Recently, National Instruments has been vocal about wanting to provide better support for third-party LabVIEW add-ons. A huge demonstration of this commitment, recently, was allowing JKI to integrate VI Tester into the LabVIEW project environment. In fact, it might seem surprising or even foolish for NI to do this, considering that it just released a competing product, the NI LabVIEW Unit Test Framework Toolkit. But, if you look deeper, you'll see that NI's support of a competing third-party add-on for LabVIEW is a very smart, mature, and strategic move.
For a long time, I have had concerns about whether NI would be able to nurture a viable market and ecosystem for third-party add-ons for LabVIEW, because of the fact that NI sells its own add-ons for LabVIEW. This creates a huge, short-term incentive for NI to compete directly against third-parties (like JKI).
But also, NI has a huge incentive to encourage third parties to innovate on its platform. The more tools and solutions that exist on the LabVIEW platform to help users efficiently create working systems, the better it is for NI. If NI were to compete aggressively against third-party LabVIEW add-on providers, it would starve the ecosystem and send third-parties running for the hills. Small companies simply cannot compete against NI head-to-head.

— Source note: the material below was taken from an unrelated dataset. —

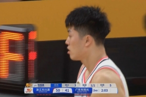 广东球员张皓嘉仅出场10分钟就累计5次个人犯规,三分1中1拿到3分2篮板,正负值-18。

At JKI, we are very excited about LabVIEW becoming an even more powerful, open platform for 3rd party tools. As you might know, we love to create toolkits for LabVIEW, and our flagship product, VI Package Manager, is a powerful tool for packaging, distributing, and installing add-ons for LabVIEW. We hope that NI continues to open up LabVIEW and we'll try hard to provide them with both our feedback and support. And, of course we'll work hard to create more great add-ons for LabVIEW.